= INPUT FOR THIS TASK =
────────
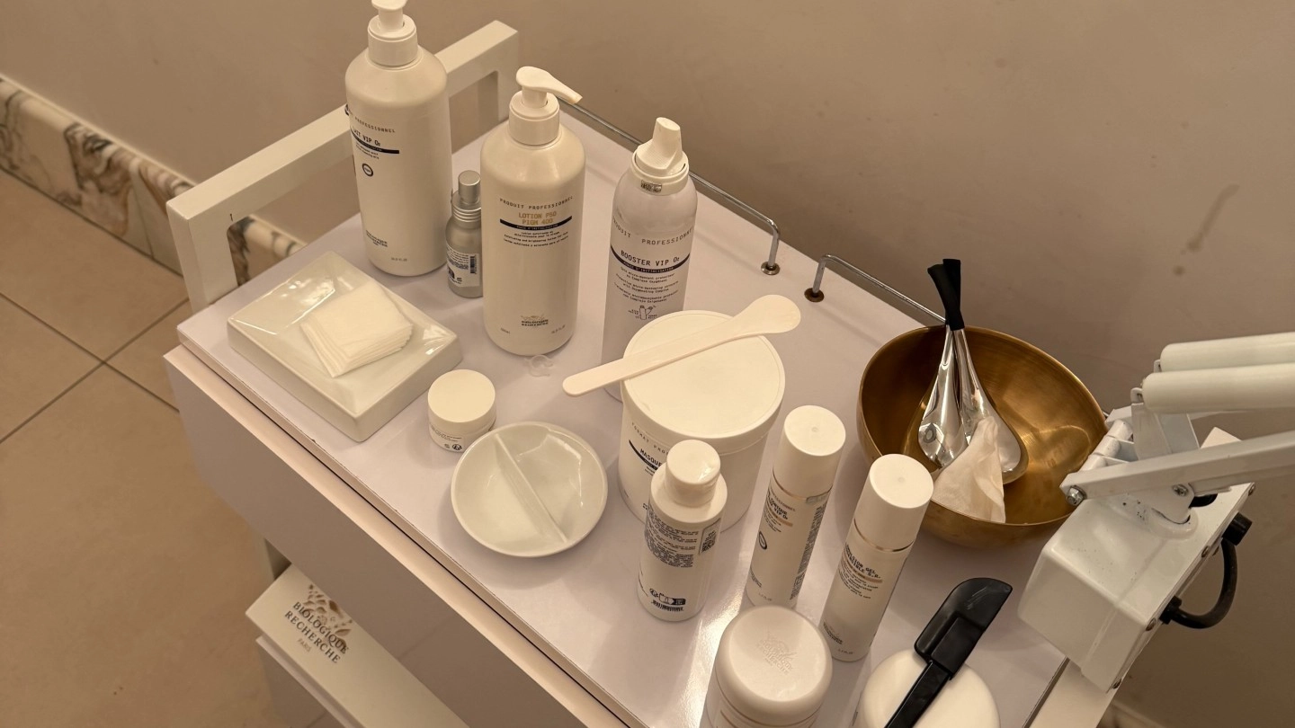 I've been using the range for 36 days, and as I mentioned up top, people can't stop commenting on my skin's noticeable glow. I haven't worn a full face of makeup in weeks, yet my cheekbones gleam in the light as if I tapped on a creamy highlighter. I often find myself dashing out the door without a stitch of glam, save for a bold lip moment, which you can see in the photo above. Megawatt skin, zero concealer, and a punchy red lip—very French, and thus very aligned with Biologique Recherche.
────────
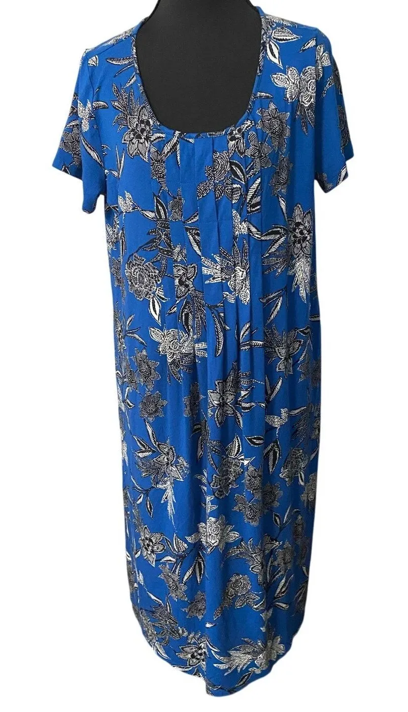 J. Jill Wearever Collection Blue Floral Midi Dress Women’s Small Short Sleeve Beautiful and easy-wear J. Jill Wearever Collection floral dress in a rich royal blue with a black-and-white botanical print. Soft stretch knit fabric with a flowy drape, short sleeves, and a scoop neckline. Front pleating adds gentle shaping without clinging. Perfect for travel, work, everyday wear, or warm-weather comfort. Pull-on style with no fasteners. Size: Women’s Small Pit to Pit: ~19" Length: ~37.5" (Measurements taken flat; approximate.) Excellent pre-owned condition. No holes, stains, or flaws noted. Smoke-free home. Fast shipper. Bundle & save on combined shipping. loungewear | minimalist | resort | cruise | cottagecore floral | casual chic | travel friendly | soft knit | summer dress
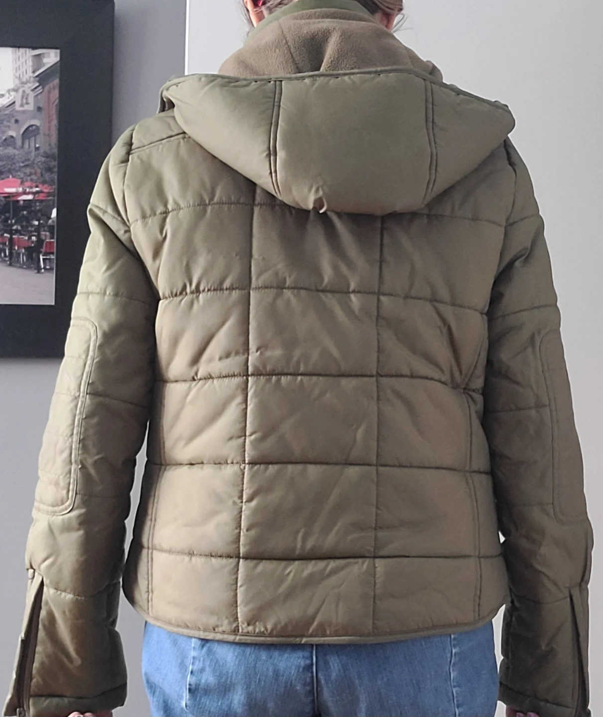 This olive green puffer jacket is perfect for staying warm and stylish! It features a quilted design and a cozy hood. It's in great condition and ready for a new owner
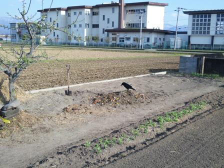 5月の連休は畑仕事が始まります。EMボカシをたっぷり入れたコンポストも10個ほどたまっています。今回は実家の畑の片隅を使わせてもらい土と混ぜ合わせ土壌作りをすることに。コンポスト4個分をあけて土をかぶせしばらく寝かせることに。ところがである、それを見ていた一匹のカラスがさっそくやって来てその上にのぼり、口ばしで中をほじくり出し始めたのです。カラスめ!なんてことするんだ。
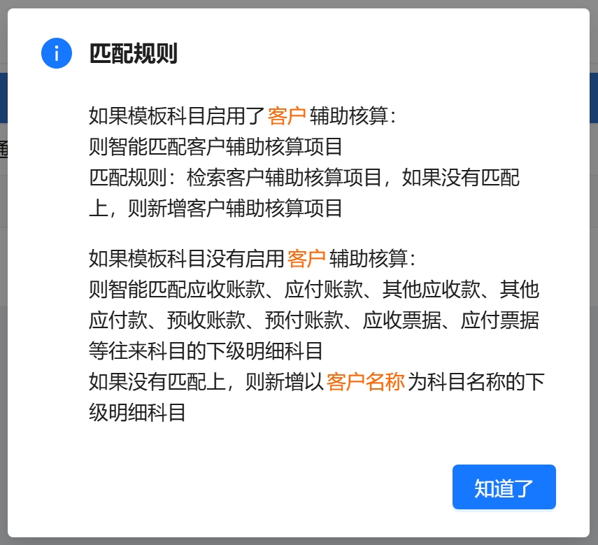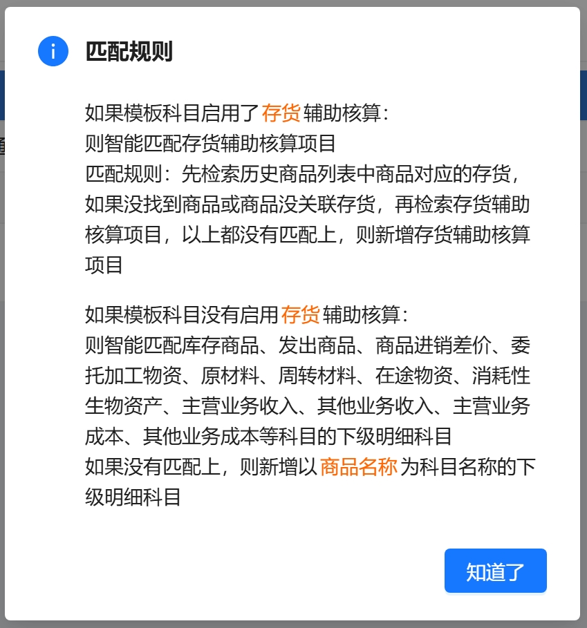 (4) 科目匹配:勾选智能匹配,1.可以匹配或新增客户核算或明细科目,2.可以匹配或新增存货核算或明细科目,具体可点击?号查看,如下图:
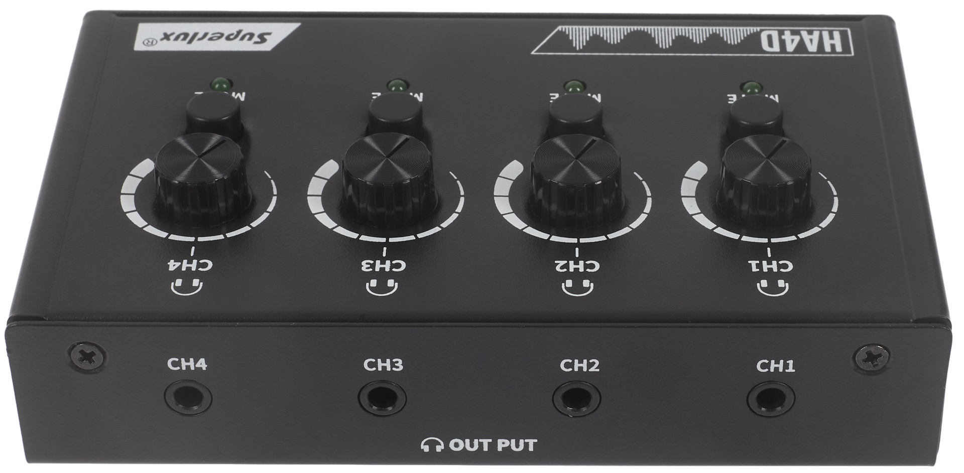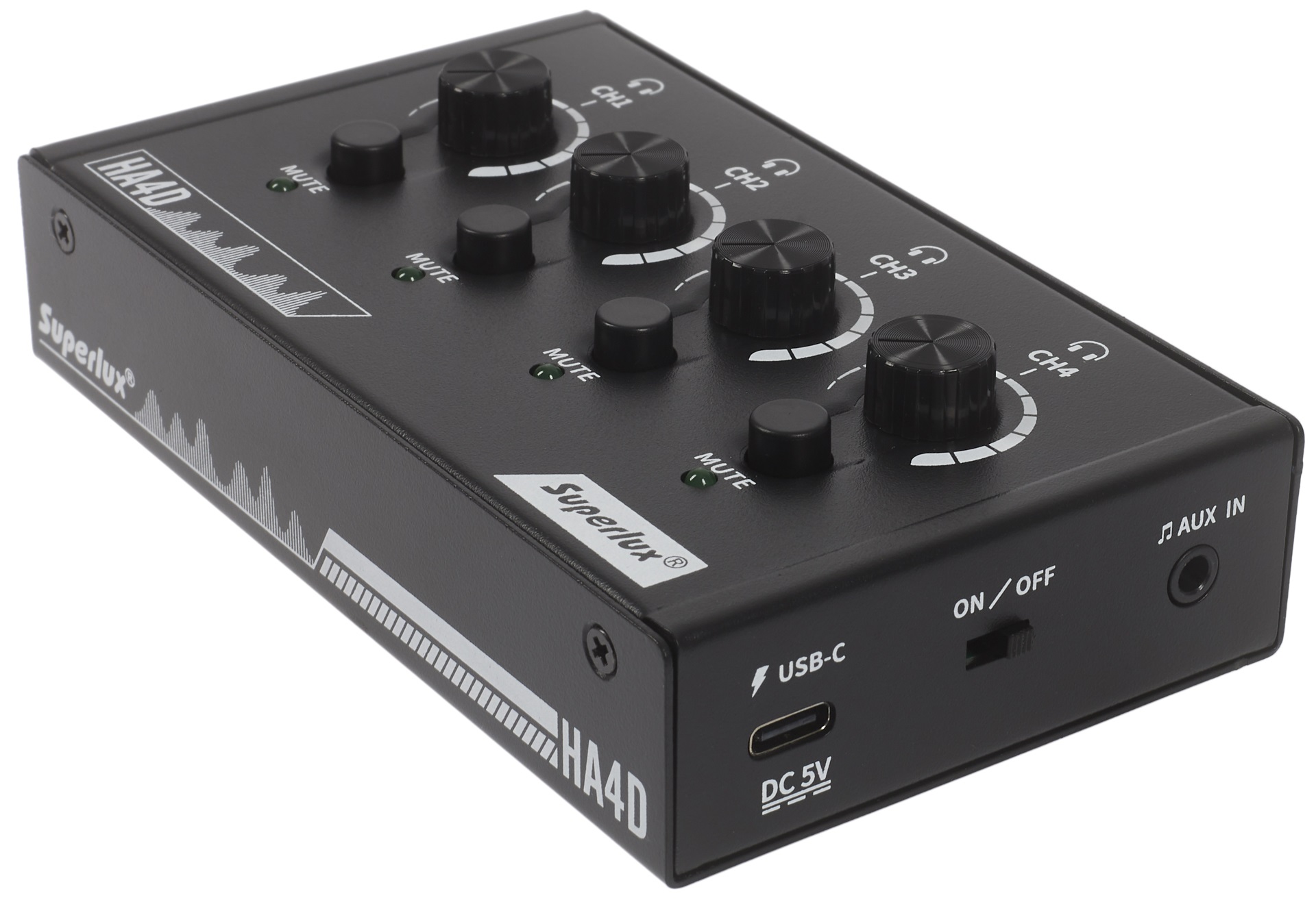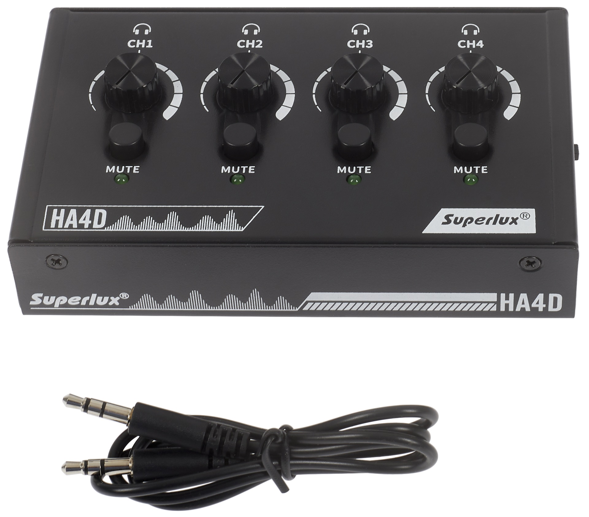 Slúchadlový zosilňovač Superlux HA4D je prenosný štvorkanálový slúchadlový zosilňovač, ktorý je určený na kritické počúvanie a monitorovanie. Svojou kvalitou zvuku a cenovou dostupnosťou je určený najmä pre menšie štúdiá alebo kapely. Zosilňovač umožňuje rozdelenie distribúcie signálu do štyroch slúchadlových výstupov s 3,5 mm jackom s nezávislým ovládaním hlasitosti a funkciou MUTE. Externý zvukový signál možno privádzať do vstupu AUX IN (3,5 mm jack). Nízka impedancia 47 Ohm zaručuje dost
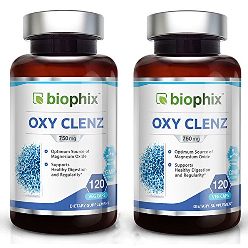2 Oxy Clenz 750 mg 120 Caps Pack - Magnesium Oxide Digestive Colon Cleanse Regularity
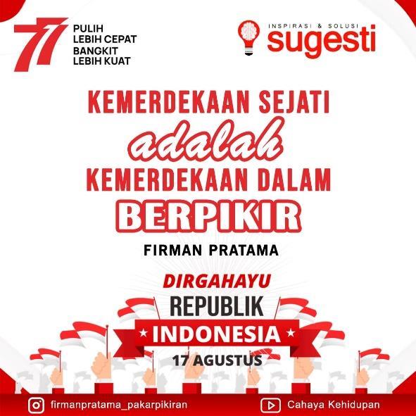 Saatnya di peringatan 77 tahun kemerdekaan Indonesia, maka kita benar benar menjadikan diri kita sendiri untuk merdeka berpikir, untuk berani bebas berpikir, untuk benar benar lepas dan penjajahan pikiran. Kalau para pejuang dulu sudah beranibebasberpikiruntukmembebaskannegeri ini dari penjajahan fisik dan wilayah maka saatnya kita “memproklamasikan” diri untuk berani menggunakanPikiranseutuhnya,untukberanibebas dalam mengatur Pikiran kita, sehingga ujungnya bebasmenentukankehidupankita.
────────
= WHAT IS REQUIRED =
From the records above, return exactly the lines running from the one that contains "2 Oxy Clenz" down to the one that contains "Saatnya di peringatan", both included, without any pictures.

= SOLUTION =
2 Oxy Clenz 750 mg 120 Caps Pack - Magnesium Oxide Digestive Colon Cleanse Regularity
 Saatnya di peringatan 77 tahun kemerdekaan Indonesia, maka kita benar benar menjadikan diri kita sendiri untuk merdeka berpikir, untuk berani bebas berpikir, untuk benar benar lepas dan penjajahan pikiran. Kalau para pejuang dulu sudah beranibebasberpikiruntukmembebaskannegeri ini dari penjajahan fisik dan wilayah maka saatnya kita “memproklamasikan” diri untuk berani menggunakanPikiranseutuhnya,untukberanibebas dalam mengatur Pikiran kita, sehingga ujungnya bebasmenentukankehidupankita.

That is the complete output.